Spin Inertia as a Driver of Chaotic and High-Speed Ferromagnetic Domain Walls

TL;DR

This paper investigates how spin inertia influences ferromagnetic domain wall dynamics, revealing chaotic behavior without damping and enhanced velocities with damping, which could improve racetrack memory performance.

Contribution

It introduces the concept of spin inertia as a key factor in domain wall motion, showing its effects on chaos and velocity enhancement in ferromagnetic systems.

Findings

Inertial effects induce chaotic domain wall dynamics without damping.

Finite damping and field-like driving increase domain wall velocity.

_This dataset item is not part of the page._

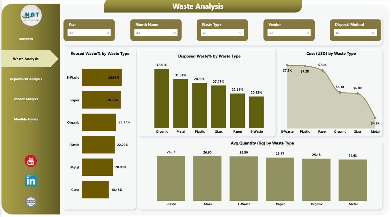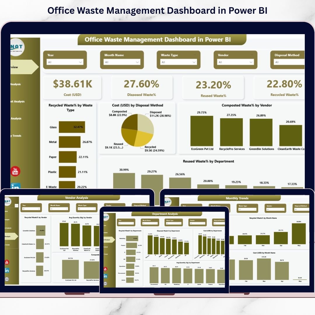 The Office Waste Management Dashboard in Power BI is a ready-to-use, interactive business intelligence solution designed to help organizations monitor waste performance, control disposal costs, and improve sustainability metrics — all in one place.
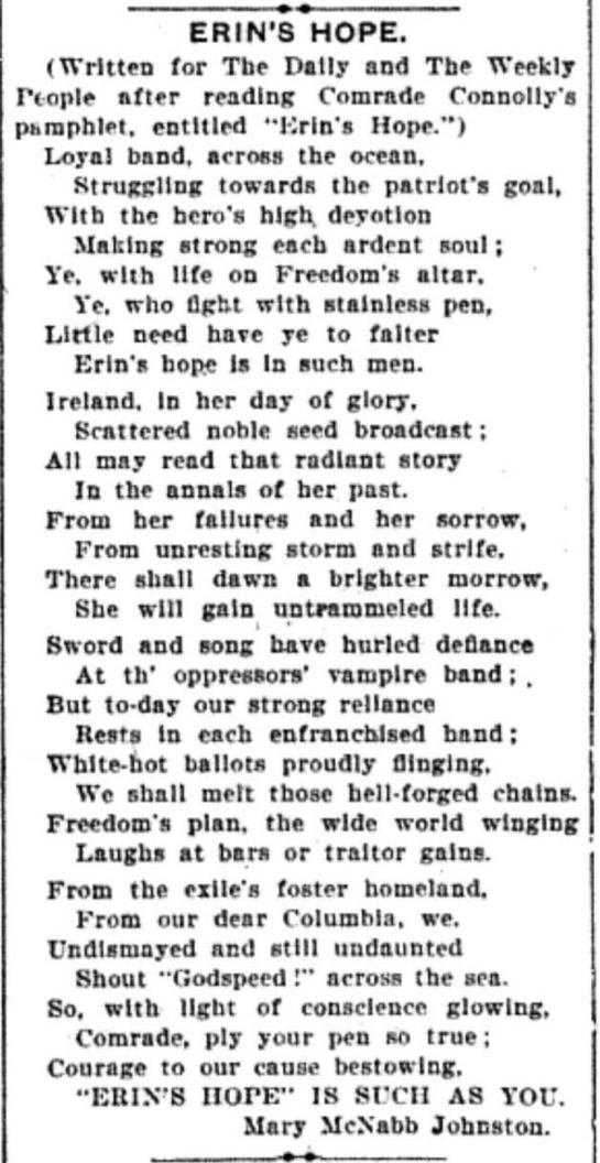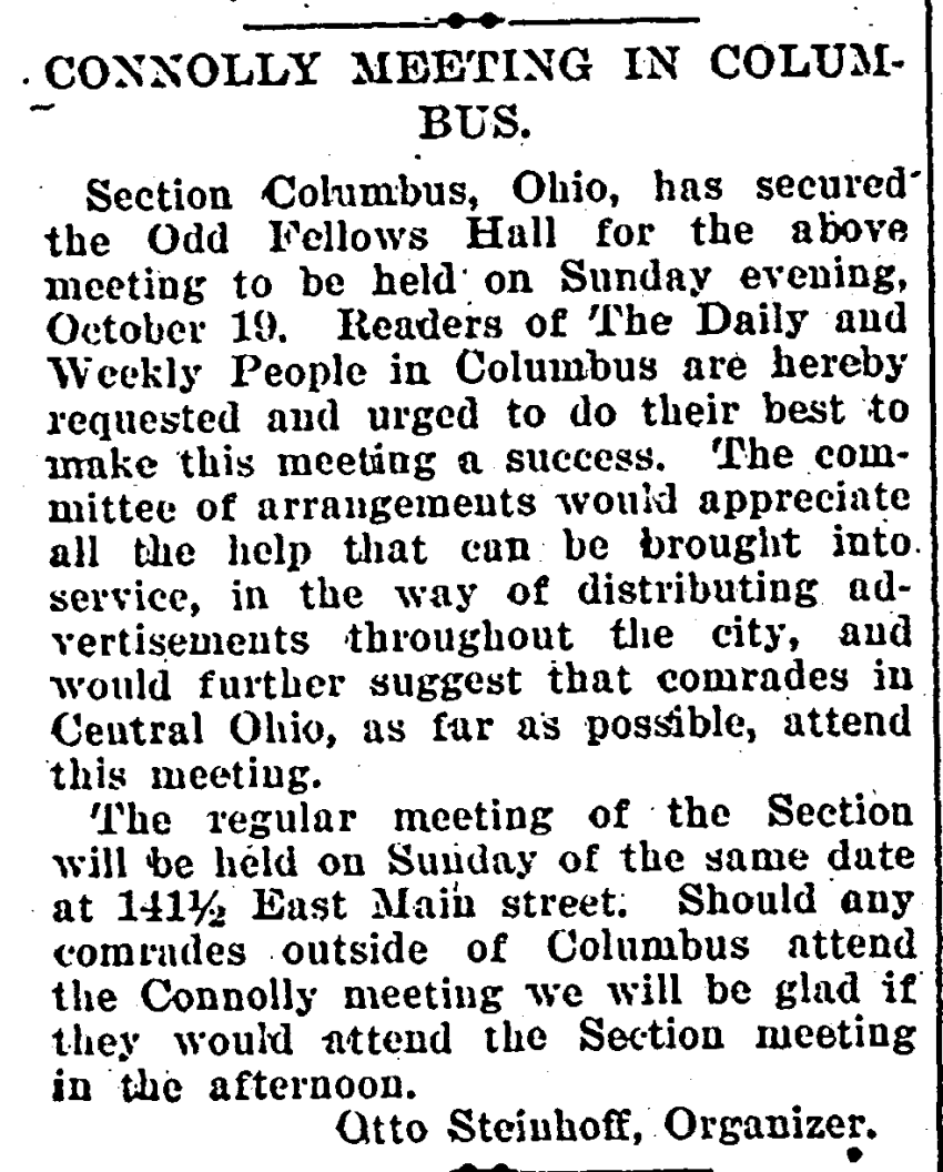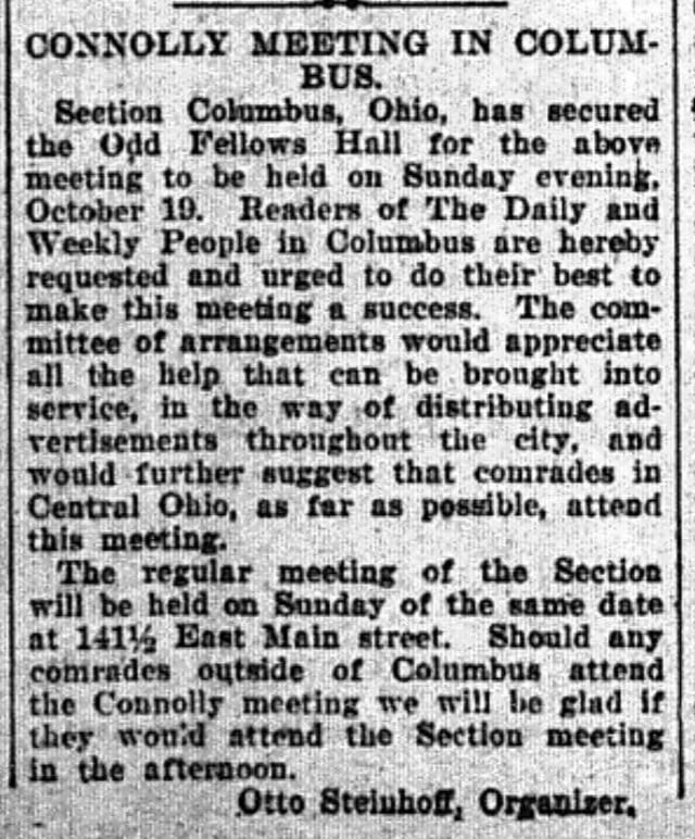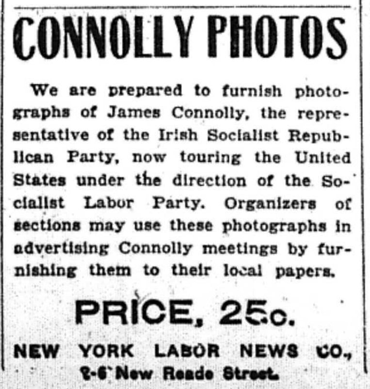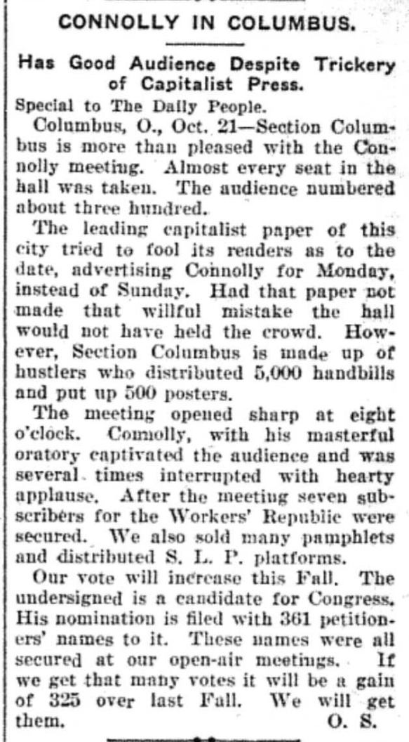 Connolly tours the Midwest. The editors must not have been happy with the previous, disappointed, report on Connolly’s October 18th talk in Cleveland, Ohio. The following issue contains a new report, this one more focused on Connolly’s talk that is altogether rosier. Also included is a report of the October 19th meeting in Columbus, Ohio at the city’s Odd Fellow’s Hall as 300 listeners heard Connolly’s ‘masterful oratory.’ The Columbus S.L.P. comrades claim to have distributed 5000 handbill and put up 500 posters for the event and sold seven subscriptions to ‘Workers’ Republic’ and many S.L.P. pamphlets. An article on Connolly’s two-night stay in Louisville, Kentucky where he spoke to 200 each night on October 21-22. Thirteen subscriptions to ‘Workers’ Republic’ were sold and $5 raised for the tour. A poem, ‘Erin’s Hope’, written by Mary McNabb Johnston after reading Connolly’s pamphlet of the same name was also printed. As were advertisements for 25 cent photos of Connolly and of the Irish Socialist Republican Party’s paper, ‘Workers’ Republic’. After Cleveland on the 17th, Connolly also spoke at Detroit on the 18th, in Columbus on the 18, and Cincinnati on the 20th before crossing the Ohio River for his Louisville, Kentucky talks on the 22st and 22nd of October.

Spin inertia causes domain wall width contraction at low driving.

Abstract

Ferromagnetic domain walls -transitional regions between magnetic domains- are an essential ingredient for racetrack memory, a device concept that promises to deliver faster and more compact memory storage compared to other non-volatile memory devices. Motivated by recent experiments that have found inertial effects in spin dynamics, we explore its consequences on domain wall motion. We find that the inertial dynamics of the individual magnetic moments induce massive dynamics of the domain wall. We investigate these massive dynamics driven by a magnetic field, spin-transfer torque, and spin-orbit torque. We show that, in the absence of Gilbert damping, the domain wall dynamics become chaotic, resembling that of an electron in a two-dimensional crystal. For finite damping, field-like driving of the inertial domain wall significantly increases its velocity compared to conventional massless dynamics, potentially enabling faster racetrack operations. Additionally, in the limit of low driving, we observe that the domain wall width contracts due to the spin inertia of the ferromagnet.